One of the positives of this year’s vicissitudes was the use of Zoom. It brought people together in a new way. It also gave birth to a new locution: “You’re muted…!”  Anyone who used Zoom this year, which is pretty much everyone, has heard those words a lot. What started as a minor annoyance quickly became an amusing mantra. “You’re muted…You’re muted…!”

I find this to be one of the most fascinating phenomena of this year. It was a year we learned to mute ourselves and to let other people speak.
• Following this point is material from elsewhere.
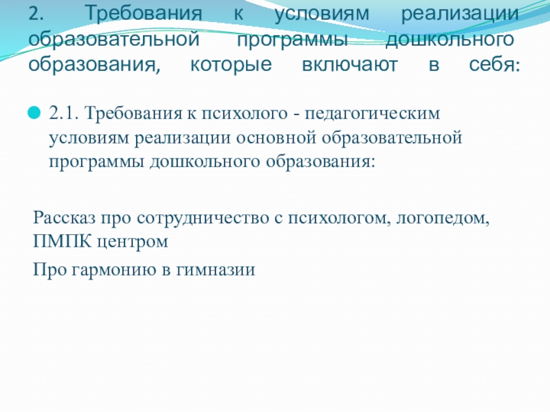 2.1. Требования к психолого - педагогическим условиям реализации основной образовательной программы дошкольного образования:

It taught us to be silent, to wait our turn, and not take for granted that we can speak and be heard instantaneously. What Robert’s Rules of Order couldn’t do since 1876, Zoom did in one year. A social experiment in finding our voice. Perhaps this is the ultimate message that God is waiting for us to internalize — that our voice is not ours alone, but part of a shared conversation.

In Parashat Miketz, which we always read during Hanukkah, Joseph’s lot changes in an instant from the depths to the heights (from Bira Amikta L’igra Rama). In one day, he is hurled from jail to becoming the viceroy of Egypt, from incarceration to beyond imagination. But in between, when Pharaoh was expecting to hear Joseph’s solution to his dreams, Joseph used the key word — Bil’aday — without me. He was telling Pharaoh that his voice was really God’s voice. And just like the story of Hanukkah, in one quick act, the light shines through again.
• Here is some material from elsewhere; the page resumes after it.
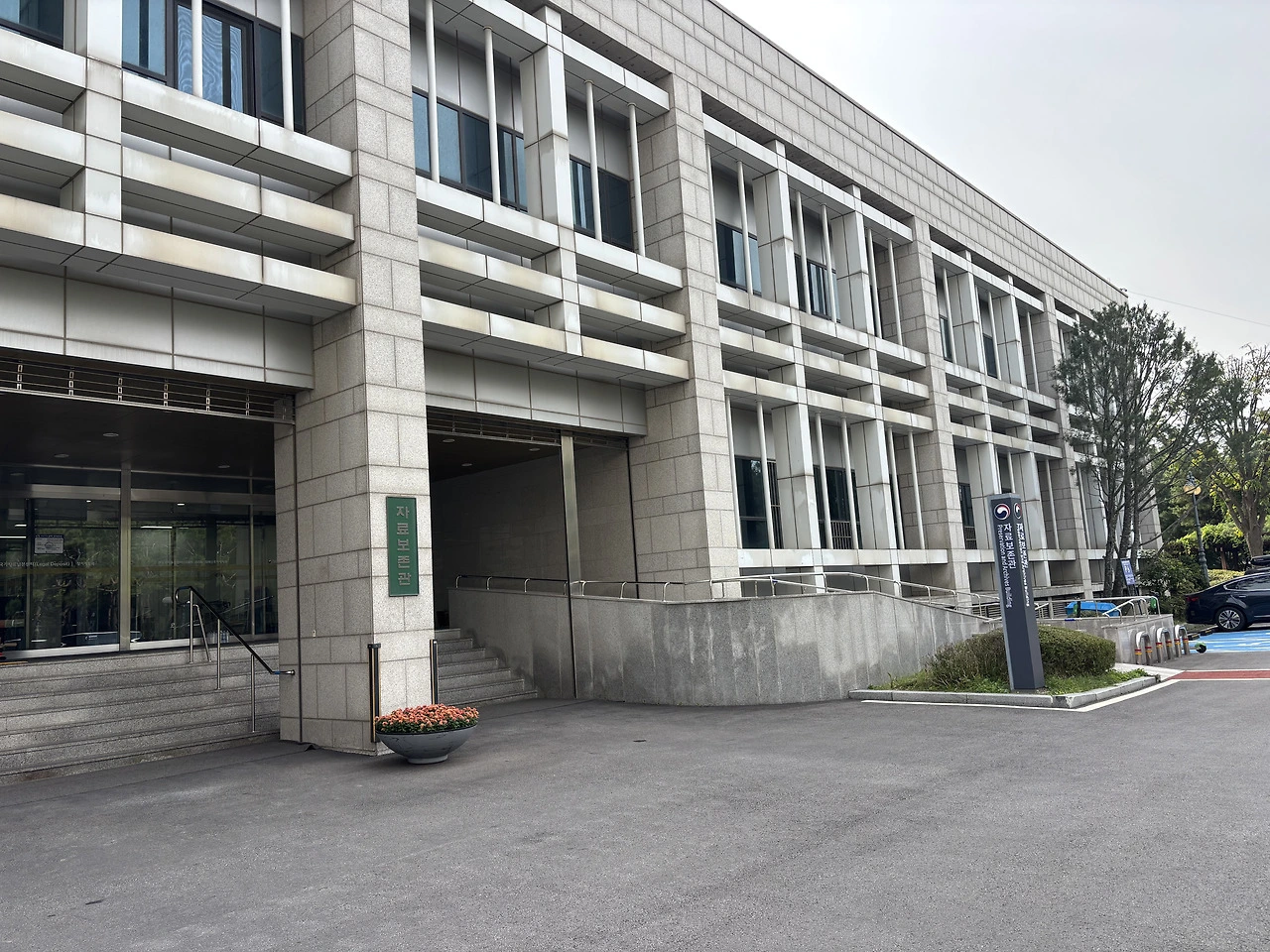 자료보존실이 위치한 아래 사진에 보이는 건물은 보안 장치가 있어 출입증이 있는 사람만 드나들 수 있는 곳이다.

We are not muted as long as we can keep telling our story together. More importantly, to make the story, continue to create the story. We did it during worse times. Even if we think we’re muted, God continues to hear.
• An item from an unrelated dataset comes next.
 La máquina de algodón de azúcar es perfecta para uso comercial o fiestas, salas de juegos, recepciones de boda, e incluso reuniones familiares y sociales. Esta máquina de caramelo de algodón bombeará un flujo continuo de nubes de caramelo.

The Talmud tells us that when we go up to heaven, one of the first questions we will be asked is whether we were sincerely hopeful in our lives, whether we sincerely expected to be saved and redeemed at any moment. Because only then can we experience the swift hand of God. It may not come for a while, but when it’s time, it will be quick, as though waking up from a dream. When we mute ourselves for a minute, we let God’s voice come through.